Nous descendons dans le sud pour les fêtes de la Saint-Sylvestre. Je commande un plateau de fruits de mer à un restaurant du port, pour demain, le premier de trois dîners.
Les premiers amis arrivent à 13h40 et selon la tradition, j’ouvre un magnum de Champagne Salon, qui est comme le tir au pistolet qui marque le départ d’une course.

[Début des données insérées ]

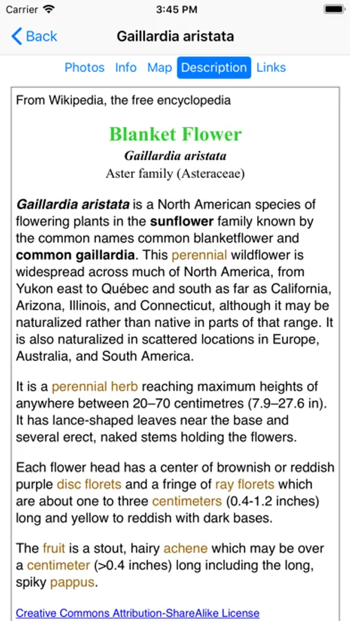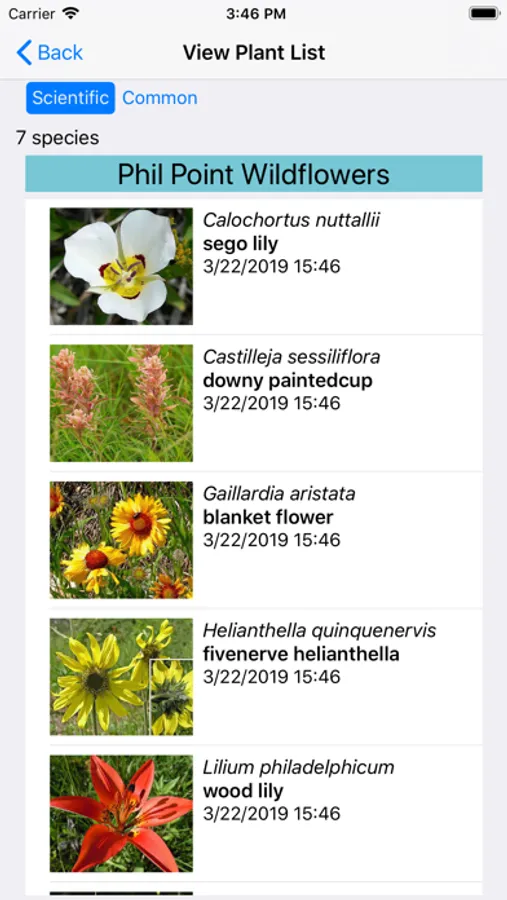 This App, which operates without an internet connection, helps find and identify plants. When you give the App information about a plant, such as its location, flower color and the time of year, the App will quickly show you which plants match your selections.
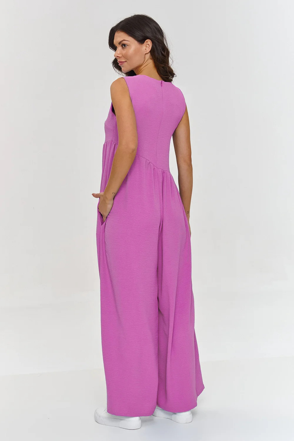 Tento maxi overal je ideální volbou pro ženy, které hledají pohodlné a stylové řešení na teplé dny. Má volný střih, který poskytuje maximální pohodlí a šikmé švy v oblasti pasu vytvářejí jemné záhyby. Široké nohavice dodávají celku lehkost a eleganci, vytvářejí ideální možnost pro každodenní outfit nebo letní výlety. Model je vybaven kapsami, co mu dodává funkčnost a praktičnost. Kapsy jsou skvělým řešením, pokud chcete mít po ruce nejnutnější věci, aniž byste museli ustoupit od elegantního vzhledu. Vyrobeno z prodyšného materiálu, který je nejen příjemný na dotek, ale také praktický a prodyšný. Overal má kulatý výstřih, který zajišťuje pohodlí a stylový vzhled. Náš maxi overal s širokými nohavicemi je skvělou volbou na každou příležitost, kdy hledáte módní a zároveň pohodlné řešení. Díky volnému střihu, funkčním kapsám a lehkému materiálu se overal stane vaší oblíbenou volbou na jarní a letní dny, zaručující pohodlí a styl.
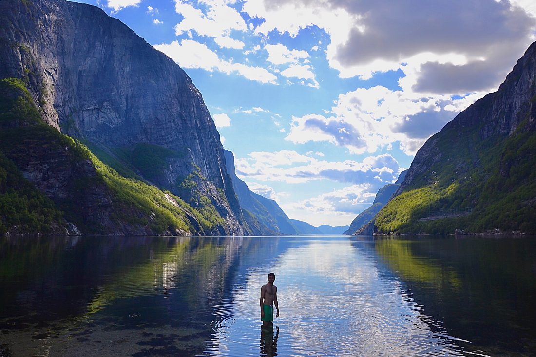 Description: Les lumières obscures tracent le chemin de l'immensité des fjords norvégien.
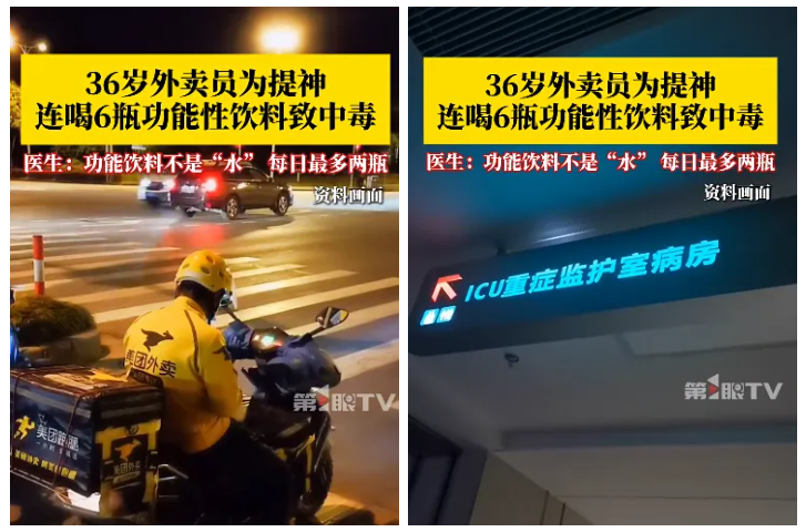 近日,深圳一名36岁男子为了在晚高峰送餐时保持清醒,短时间内连续喝下6瓶功能性饮料。次日中午,该男子开始意识模糊,出现心跳加快、发热、出汗、头部与双手反复抽搐等症状。紧急就医后,被收治进重症监护室(ICU)。
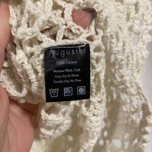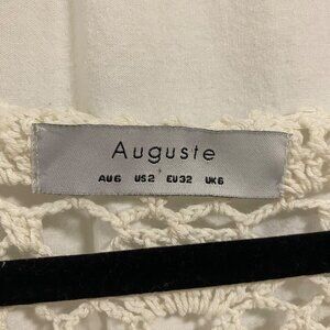 Chic cream crochet short sleeve blouse by Auguste the Label in U.S. Size 2. Perfect for casual outings or bohemian-inspired looks. Good condition with detailed measurements in pictures.
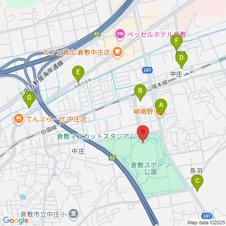 倉敷マスカットスタジアム周辺のコンビニエンスストア一覧地図
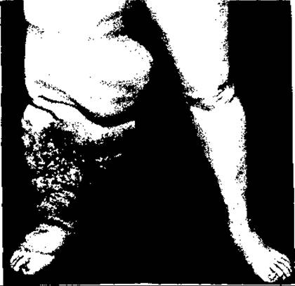 Мал. 111. Слоновість ноги з дерматитом, що розвинулась унаслідок захворювання на філяріоз
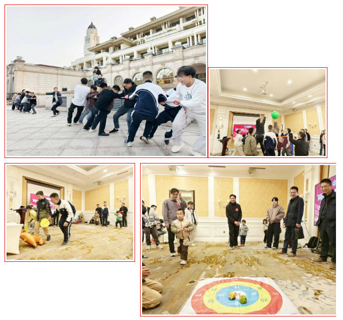 全体员工齐聚韶关碧桂园凤凰酒店,在宴会厅开展了丰富多彩的赢红包游戏,有沙包球、瑜伽排球、赶马入笼、拔河比赛等,游戏环节紧扣团队协作核心,考验队员间的配合度与凝聚力,每个人都收获满满。
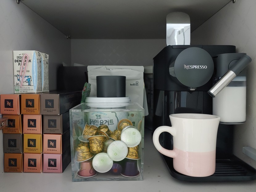 20.11.19 452 읽음 [네스프레소] 집에서 라떼 만들어 먹어요. 좋은날1020 구독하기 7 9 콘텐츠의 수익 10 집에서 캡슐커피 많이들 드시죠?저도 네스프레소 캡슐커피 머신으로하루에 한 잔씩 커피를 내려 마시는데요. 이전에 오래 쓰던 머신이 고장나서 새로운 머신을 장만했습니다. 이건.. 라떼 제조가 가능한 머신이죠!우측에 우유 추출기가 보이시죠?이렇게 먼저 뜨거운 우유를 추출한 다음..에스프레소 샷을 추출 합니다. 저는 투 샷으로!맛있는 카페라떼 완성!강추에요~ 여러분도 집에서 라떼 만들어 드세요~ 9 0 / 300 입력
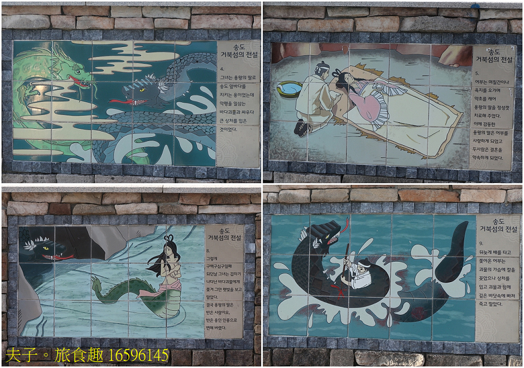 傳說:有一天年青的漁夫出海打魚遇上風浪,船隻風雨中隨波飄流到龜島,在此遇見龍宮公主驚為天人,並啟動愛戀之心。爾後漁夫多次前往龜島,尋訪公主只為再見一次面以解相思之苦。偶一次在龜島的石洞漁夫遇見被黑龍打傷的公主。漁夫將公主帶回家療傷,在漁夫的細心照料下,公主逐漸康復,彼此也因此滋生情愫愛上對方。但人神有不得戀愛的鐵律,公主的龍王父親更是極力反對,於是出了一道難題給公主,只要公主在黑洞修練 1000天,走出山洞後就能變成人類。公主果決的在黑洞中苦修,漁夫也默默在一旁守護。但不幸的是黑龍在知道這件事後,就在第1000天時進入黑洞攻擊公主,公主被迫迎戰並走出黑洞,違反規定的公主無法變身為人,但變成了人龍 (半人半龍)。更不幸的是漁夫在看見黑龍攻擊公主時也加入戰鬥,戰鬥中漁夫壯烈的與黑龍同歸於盡。龍宮公主因為心愛的人死了傷心不已,央求龍王讓漁夫復活,但人死無法復生,龍王只能將漁夫變成了一座石雕立於漁龜島,而公主因為真情不移,一直望著自己心愛的人最後也成了雕像。

Le Champagne Salon magnum 2002 a eu ce matin un pschitt très dynamique. Dans le verre, la couleur est claire. Dès la première gorgée, on sent que le champagne est grand, plus que grand. Il est intense, jeune, vif mais avec une belle rondeur de plaisir. Un régal. Sur un pâté de tête de notre boucher préféré, c’est un bonheur. Avec de fines tranches d’andouille de Guéméné, le plaisir est aussi grand. Le summum est atteint sur un camembert Jort peu affiné qui fait chanter le champagne.
A 16 heures, ce sont deux autres amis qui arrivent. Le Champagne Salon accompagne un gâteau au chocolat, un peu moins compagnon de jeu que les cochonnailles précédentes.
Le plateau de fruits de mer est composé d’huîtres de deux sortes, grasses ou iodées, de crevettes roses, de langoustines et de pinces de crabe. J’ai envie d’associer chaque élément avec un vin différent. Et ce qui chatouille mes méninges, c’est d’essayer un Coteaux du Layon avec la pince de crabe.
Nous passons à table. Le Champagne Perrier-Jouët Belle Epoque 1979 est particulièrement adapté aux deux sortes d’huîtres, offrant deux visages différents. C’est avec les huîtres iodées que je préfère la vivacité de ce beau champagne, alors que sur les huîtres grasses, il fait plus notaire de province.
Sur les crevettes nous buvons un Chablis Grand Cru Blanchot Vocoret 1988. A l’ouverture il m’avait fait un peu peur, mais il a retrouvé sa puissance et sa complexité. C’est un grand Chablis.
Sur les langoustines apparaît un Meursault Charmes Comtes Lafon 2003. Au début, il paraît calme après le vif chablis, mais rapidement il prend de l’ampleur et le mot charme associé à son appellation lui convient parfaitement. Là aussi, l’accord est pertinent. Le meursault paraît plus noble que le chablis mais le chablis est plus vif et expressif que le meursault.
C’est maintenant que je vais savoir si mon audace est justifiée. Le Coteaux du Layon Chaume Domaine La Roche Moreau 1992 est d’une délicatesse infinie. Il est doucereux, mais bien affirmé et l’accord avec la chair de la pince de crabe me ravit. J’adore explorer de telles associations improbables. Je suis aux anges.
Les quatre associations étaient pertinentes. La plus belle me semble être celle du chablis avec les crevettes et la plus originale celle du vin de Loire avec les pinces de crabe. J’ai trouvé le Coteaux du Layon particulièrement élégant. On n’a ni la puissance ni la complexité des sauternes, mais ce vin gracieux est enchanteur.
Des glaces à la vanille ou au caramel beurre salé ont conclu ce repas.
Le premier dîner lance bien l’aventure qui commence.